[Exercise aim] Below is a listing; transcribe it exactly but without any images.

[Provided material]
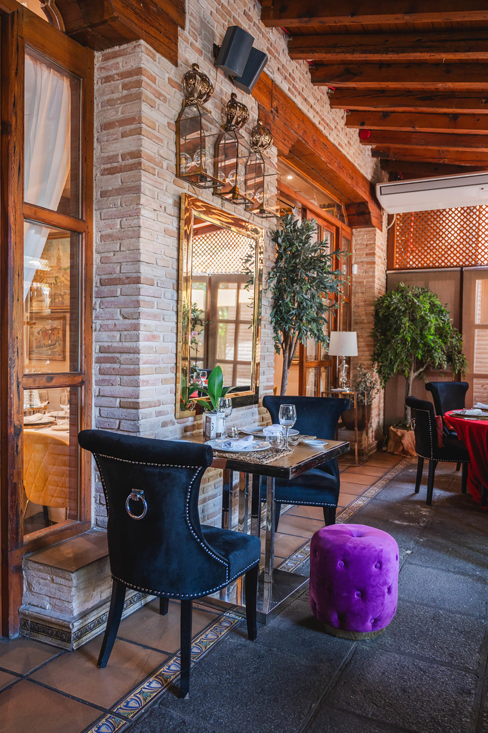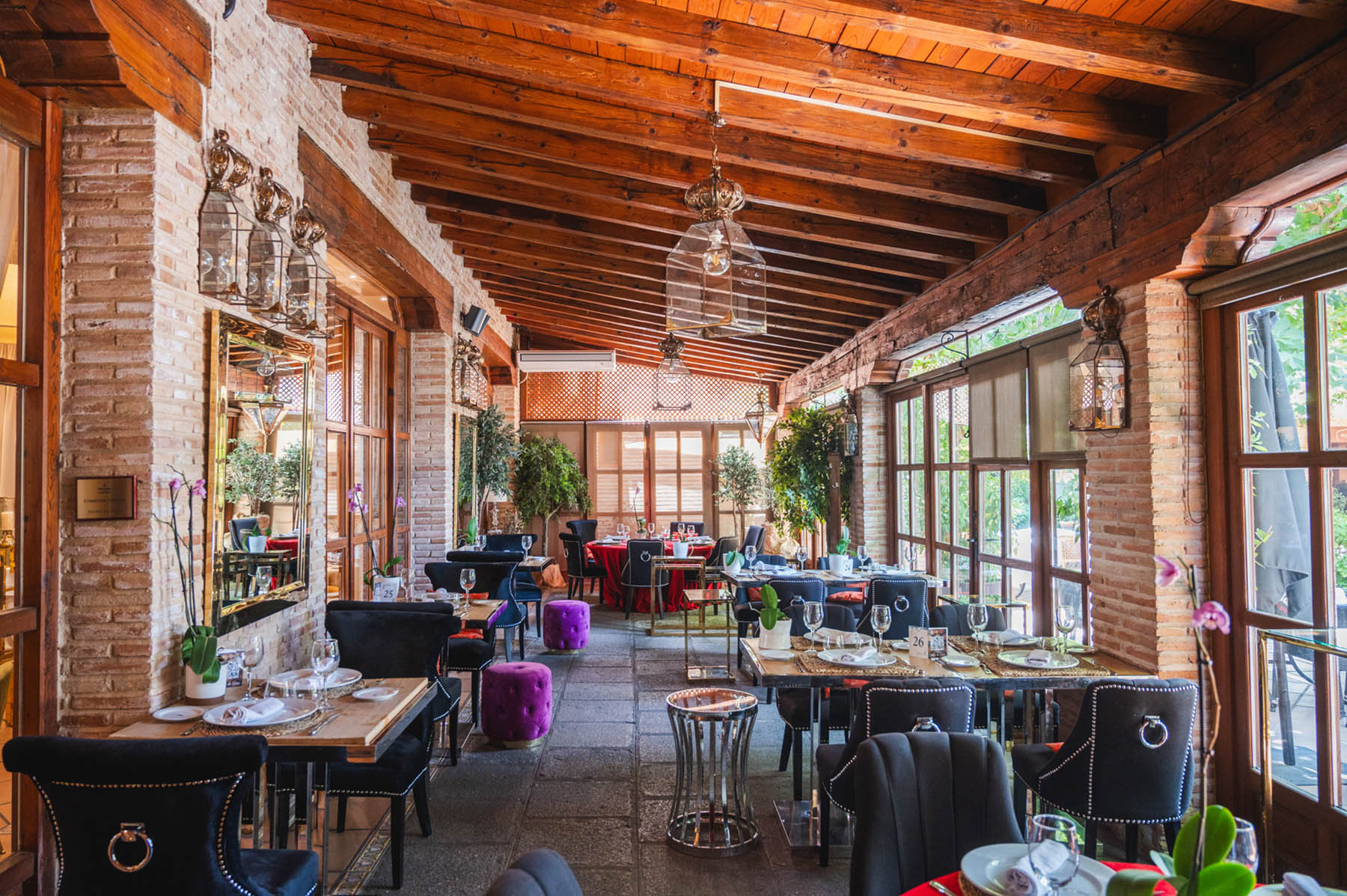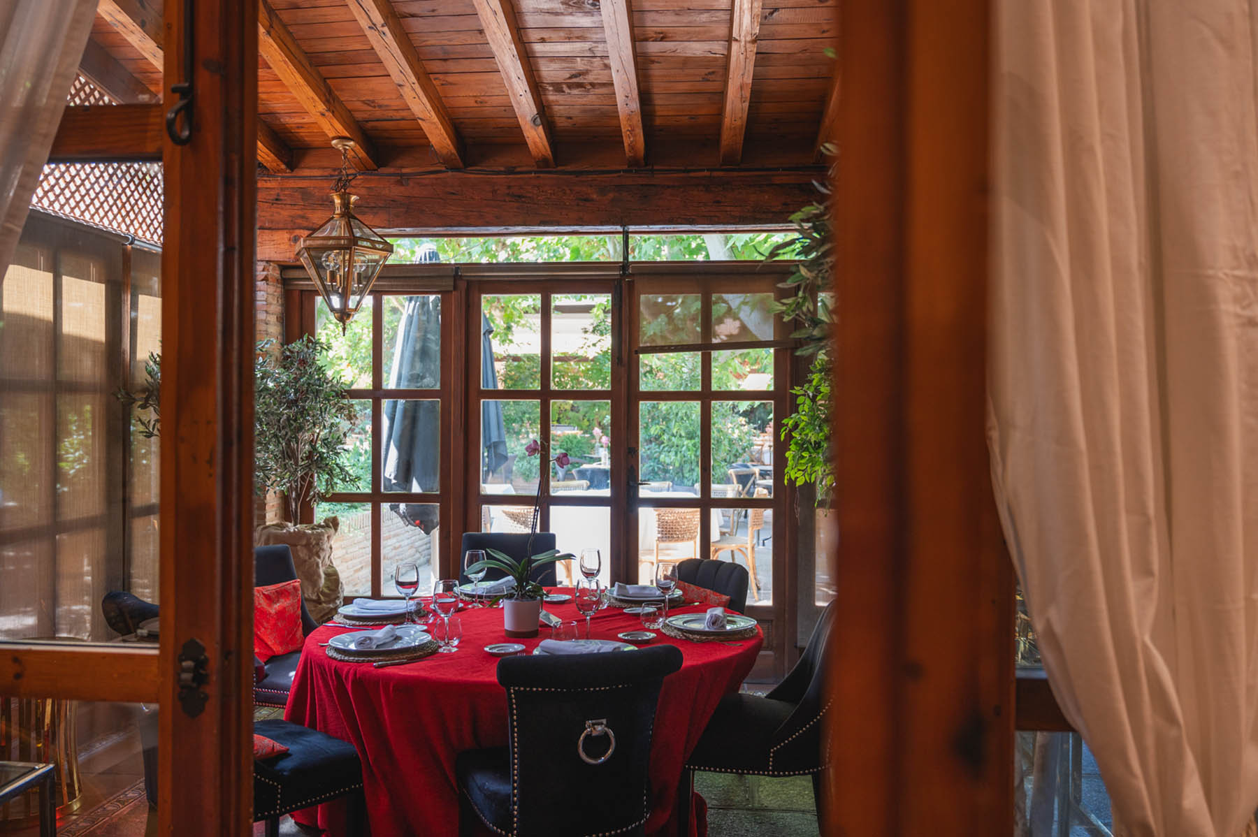 Las grandes puertas de madera y cristal que separan el salón de nuestra fantástica terraza se pueden abrir para que la experiencia gastronómica sea aún más placentera. Podrás comer y estar en contacto con la naturaleza sin estar directamente en el exterior. Nuestra galería acristalada es muy luminosa y está decorada con el sabor del paso del tiempo sin olvidar la comodidad y últimas tendencias actuales en decoración.
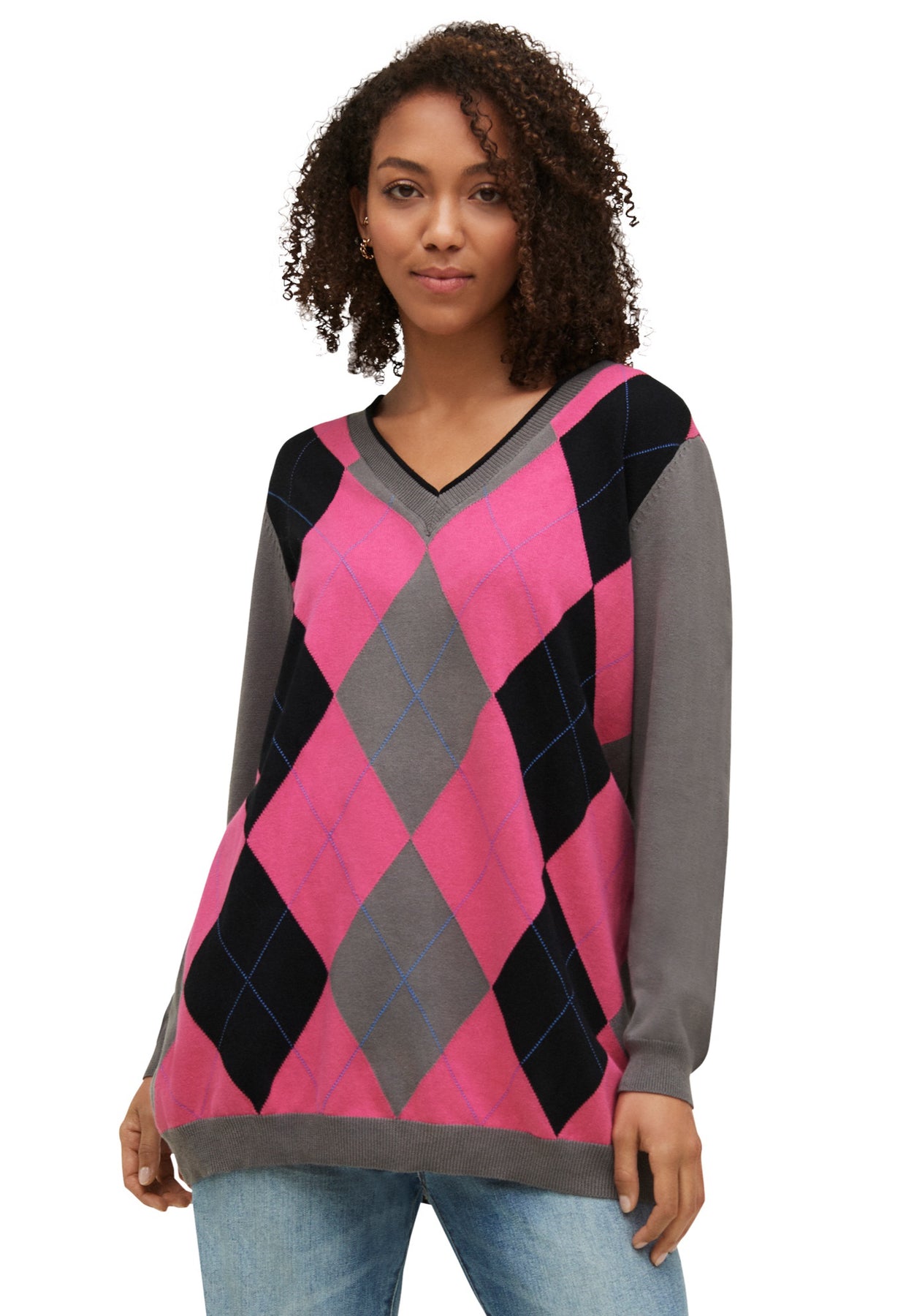 Argyle pattern on front. V-neckline with roll detail. Long sleeves.
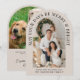 Carte de Noël taupe moderne en forme d'arc avec votre photo dans une arche entourée de "Puisse tes Jours être Joyeux & Lumineux" dans élégante typographie serif, et votre nom et votre salutation saisonnière en simple typographie. Au verso, ajoutez une deuxième photo, un message personnalisé et vos noms dans un script signature.
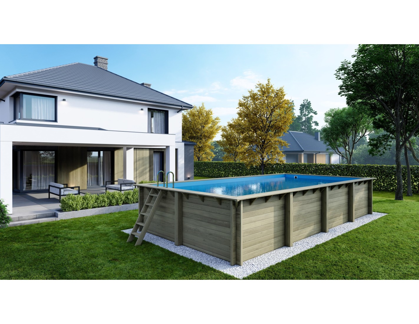La estructura de madera proporciona una apariencia cálida y natural, lo que convierte este tipo de piscinas en una opción popular entre los propietarios de jardines, que valoran la armonía con la naturaleza que les rodea.

[Solution]
 Las grandes puertas de madera y cristal que separan el salón de nuestra fantástica terraza se pueden abrir para que la experiencia gastronómica sea aún más placentera. Podrás comer y estar en contacto con la naturaleza sin estar directamente en el exterior. Nuestra galería acristalada es muy luminosa y está decorada con el sabor del paso del tiempo sin olvidar la comodidad y últimas tendencias actuales en decoración.
 Argyle pattern on front. V-neckline with roll detail. Long sleeves.
 Carte de Noël taupe moderne en forme d'arc avec votre photo dans une arche entourée de "Puisse tes Jours être Joyeux & Lumineux" dans élégante typographie serif, et votre nom et votre salutation saisonnière en simple typographie. Au verso, ajoutez une deuxième photo, un message personnalisé et vos noms dans un script signature.
La estructura de madera proporciona una apariencia cálida y natural, lo que convierte este tipo de piscinas en una opción popular entre los propietarios de jardines, que valoran la armonía con la naturaleza que les rodea.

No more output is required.